The air is cleaner, my view is greener and it’s got nothing to do with net zero emissions by 2050.
A colleague has moved into my work space and he’s arrived with plants. Looking like a sharply-dressed nursery worker, he lugged about twenty photosynthetic friends of various sizes into our shared work pod. 50 shades of green.
All different, all lush, like a corporate forest featuring long slender leaves, delicate vines, green pearls and petals splashed with white.
Variegated and very welcome. COP26 it ain’t, but it’s certainly a living breathing demonstration of what happens when someone values the environment.
Devil’s Ivy, Snake Plant, Fiddle Leaf, Peace Lily, Swiss Cheese Plant. Is he making those names up? I don’t even care, all I know is the open-air office has never looked or smelled so good.
A long-necked watering can sits on my colleague’s book shelf. You can hear him quietly misting leaves with his spray bottle at lunch time and snipping stems when foliage surgery is required.
Occasionally shrubs that look sick or bedraggled disappear for stints in his flora hospital at home.

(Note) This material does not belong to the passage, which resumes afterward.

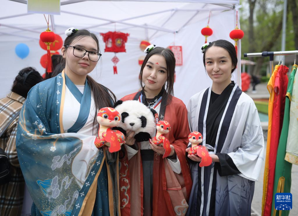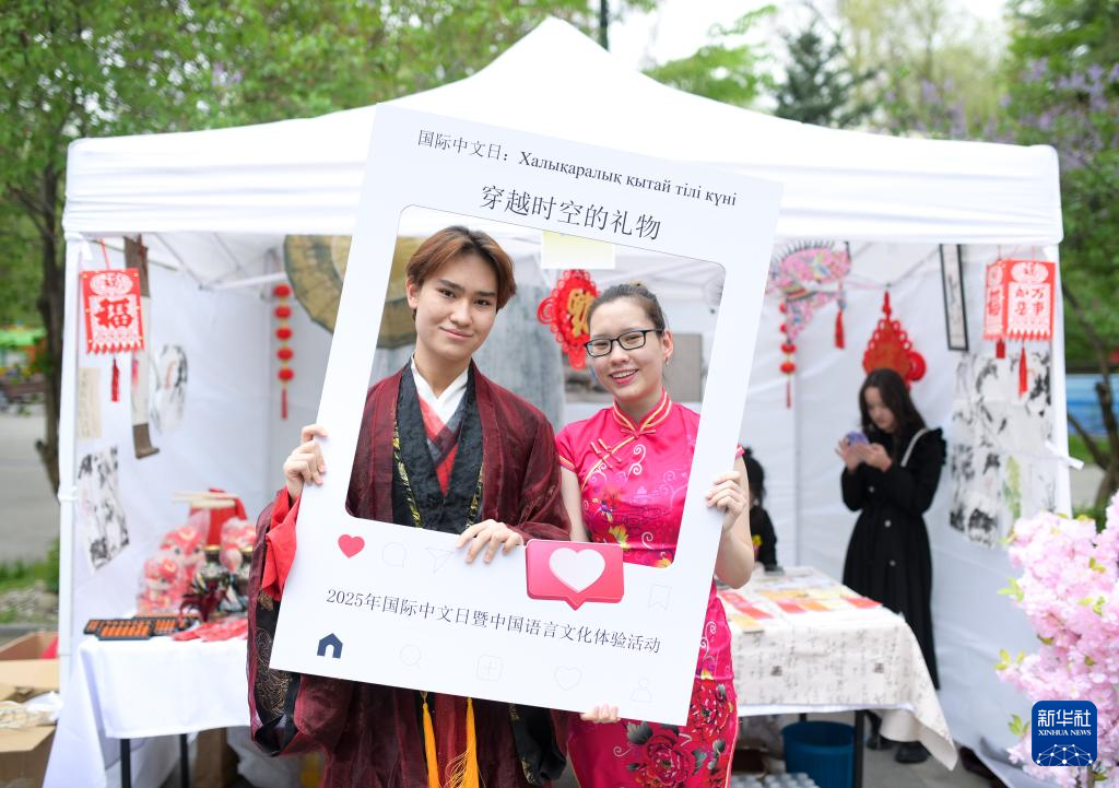 4月19日,在哈萨克斯坦阿拉木图,人们在“国际中文日”庆祝活动上留影。

My work mate even has a moisture detection stick that he’ll randomly plunge into the dirt of the little Peperomia that sits on my desk. Shockingly helpful.
It’s a skill and a hobby and a pet all in one. And my friend is not alone in his deeply rooted obsession.
The pandemic has spurred on a plantdemic.
Indoor plants are booming. Nursery love is blooming.
Last year, Australians broke a record by buying more plants than ever. We spent $2.6billion on more than 2 billion plants.
Wonder how many are still alive? Not everyone has green thumbs. It’s an industry now with a serious stake in the economy.
The horticulture sector employs more than 23,000 people across 1600 businesses. A former journalist I spoke to recently packed up her keyboard for a career in forest bathing. She’s happier than ever.
Baby Boomers are bewildered by what this new generation of plant lovers will spend on a Monstera Deliciosa. Whatever happened to seeds or seedlings they ask. What about patience?
Nope, this is cashed-up flower power is prepared to pay for instant beauty. Fifty bucks for a Fiddle Leaf Fig is a bargain.
This year, a plant with nine leaves reportedly sold for $27,000 in New Zealand. It was a rare white variegated Rhaphidophora Tetrasperma. I can think of some other colourful words I’d use to describe that particular purchase.
This weekend, the Prime Minister flies to COP26, the United Nations Climate Conference to highlight Australia’s contribution to the global environment. This crucial temperature check will determine how the world will act in response to climate change.
You don’t have to understand complex carbon calculations or the phase out of fossil fuels to see the world turning to renewables. The science is clear, Australia’s response not so much. This is one instance where the Prime Minister could indeed hold a hose.